• Requirement: Reproduce only this range: the line holding "Originally designed in" through the last line of the data below, both included, exactly, with no pictures.

• Record set:
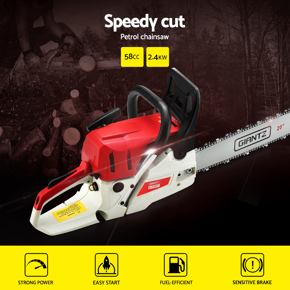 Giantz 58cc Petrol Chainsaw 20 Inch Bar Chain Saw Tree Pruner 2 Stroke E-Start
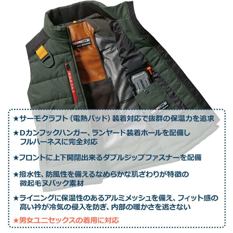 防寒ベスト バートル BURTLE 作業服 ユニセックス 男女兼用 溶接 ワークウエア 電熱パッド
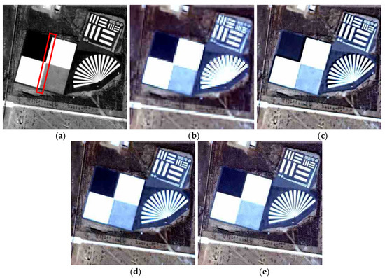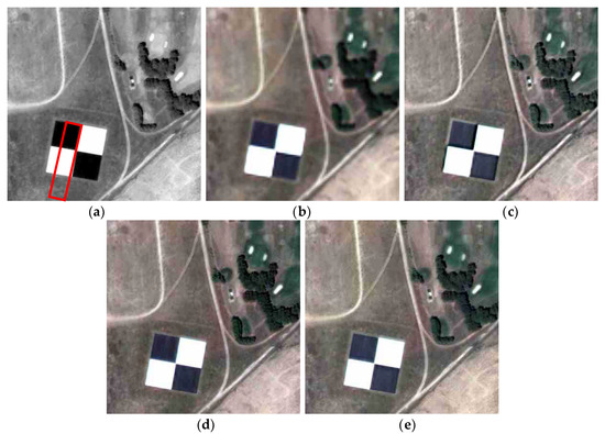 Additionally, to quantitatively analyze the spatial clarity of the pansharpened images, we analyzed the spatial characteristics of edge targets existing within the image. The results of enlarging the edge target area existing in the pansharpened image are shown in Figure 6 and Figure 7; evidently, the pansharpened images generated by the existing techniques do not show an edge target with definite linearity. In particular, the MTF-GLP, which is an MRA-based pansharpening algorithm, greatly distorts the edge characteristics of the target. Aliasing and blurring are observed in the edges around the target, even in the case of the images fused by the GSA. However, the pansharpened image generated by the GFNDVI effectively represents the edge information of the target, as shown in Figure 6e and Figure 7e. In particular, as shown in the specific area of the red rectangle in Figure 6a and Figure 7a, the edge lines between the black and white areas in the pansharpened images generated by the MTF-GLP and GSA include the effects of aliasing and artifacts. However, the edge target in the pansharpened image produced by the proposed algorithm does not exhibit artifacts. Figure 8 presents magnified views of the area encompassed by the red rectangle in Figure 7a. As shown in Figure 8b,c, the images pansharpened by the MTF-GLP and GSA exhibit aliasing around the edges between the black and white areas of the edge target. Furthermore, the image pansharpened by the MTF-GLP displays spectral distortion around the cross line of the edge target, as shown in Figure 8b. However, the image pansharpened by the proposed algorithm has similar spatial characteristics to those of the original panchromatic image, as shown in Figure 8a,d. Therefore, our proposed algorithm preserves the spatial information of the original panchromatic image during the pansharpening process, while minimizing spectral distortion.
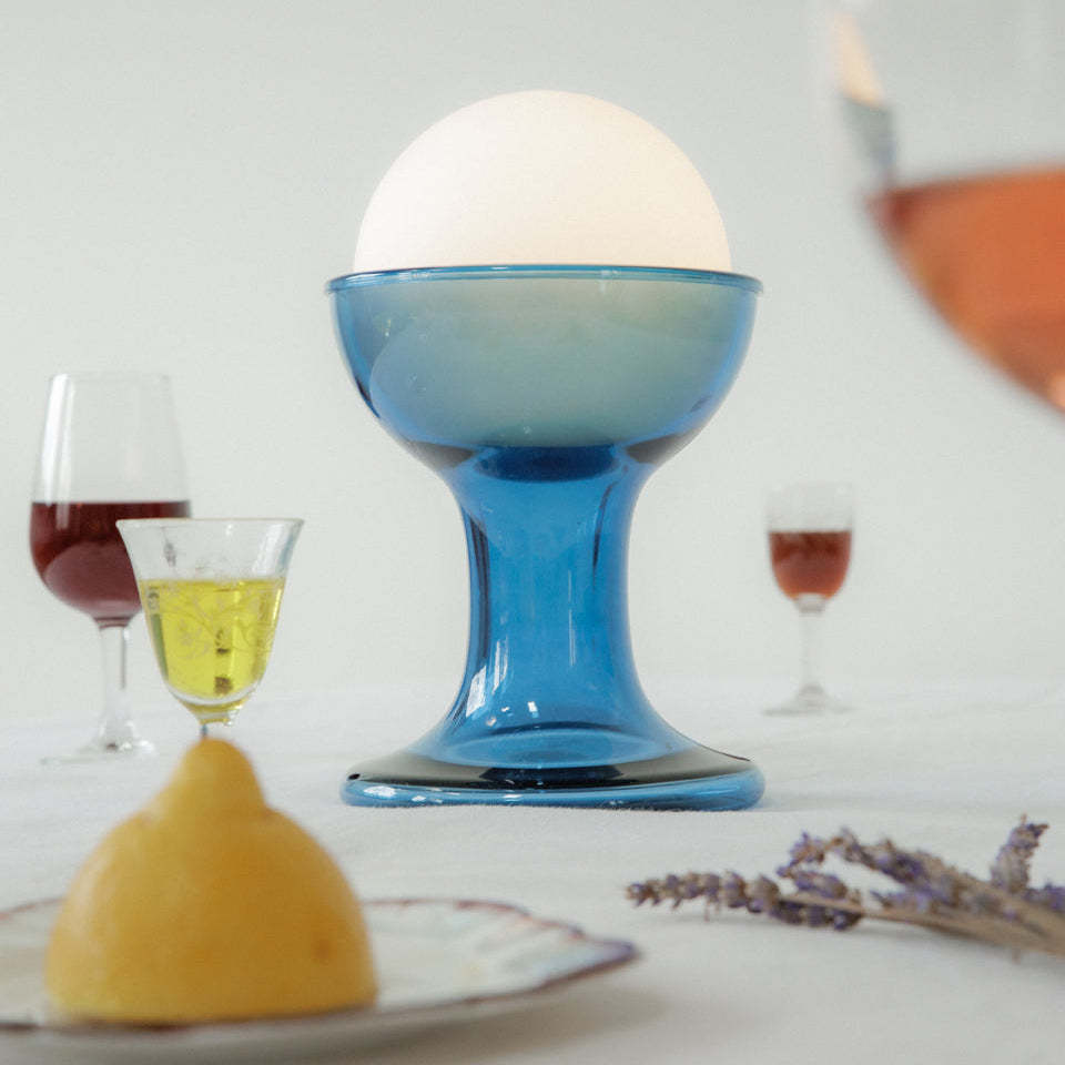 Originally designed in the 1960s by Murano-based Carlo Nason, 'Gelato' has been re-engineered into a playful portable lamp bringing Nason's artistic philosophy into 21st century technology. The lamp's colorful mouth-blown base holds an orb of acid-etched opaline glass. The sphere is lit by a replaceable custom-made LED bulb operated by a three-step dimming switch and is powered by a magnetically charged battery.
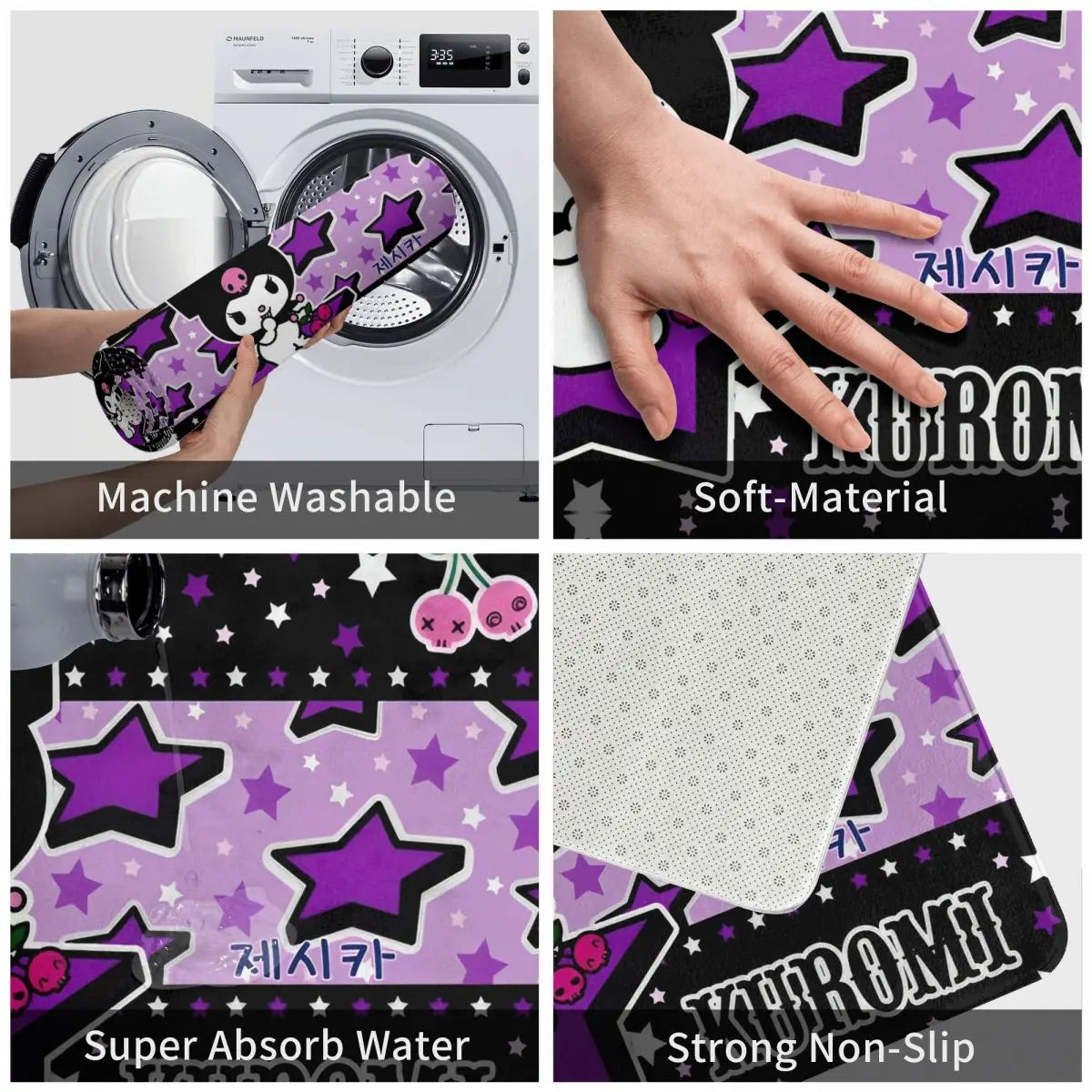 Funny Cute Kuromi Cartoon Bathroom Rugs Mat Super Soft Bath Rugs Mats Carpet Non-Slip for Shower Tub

• Result of the exercise:
 Originally designed in the 1960s by Murano-based Carlo Nason, 'Gelato' has been re-engineered into a playful portable lamp bringing Nason's artistic philosophy into 21st century technology. The lamp's colorful mouth-blown base holds an orb of acid-etched opaline glass. The sphere is lit by a replaceable custom-made LED bulb operated by a three-step dimming switch and is powered by a magnetically charged battery.
 Funny Cute Kuromi Cartoon Bathroom Rugs Mat Super Soft Bath Rugs Mats Carpet Non-Slip for Shower Tub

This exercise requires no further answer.